_Problem requirements_:
Set down the data again exactly. Pictures are not part of the copy.
*** Provided material ***
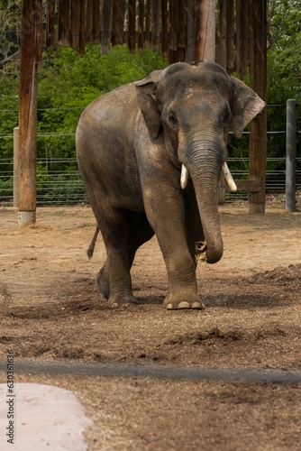 © Dominick Montano/Wirestock Creators, Fototapeta premium an elephant with tusks walking around a pen at the zoo
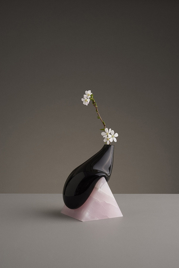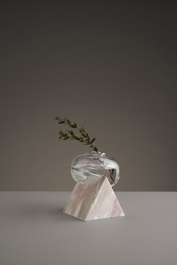 刚与柔、虚与实、脆弱与坚硬在这个花瓶系列上得到了完美的诠释,几何图形的大理石坚实利落,置于其上的玻璃瓶身曼妙多姿,无论花朵有否,都令人赏心悦目。
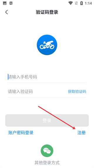 2、在验证码登录页面找到并点击【注册】选项,即可跳转至快速注册页面。
***
_Problem solution_:
 © Dominick Montano/Wirestock Creators, Fototapeta premium an elephant with tusks walking around a pen at the zoo
 刚与柔、虚与实、脆弱与坚硬在这个花瓶系列上得到了完美的诠释,几何图形的大理石坚实利落,置于其上的玻璃瓶身曼妙多姿,无论花朵有否,都令人赏心悦目。
 2、在验证码登录页面找到并点击【注册】选项,即可跳转至快速注册页面。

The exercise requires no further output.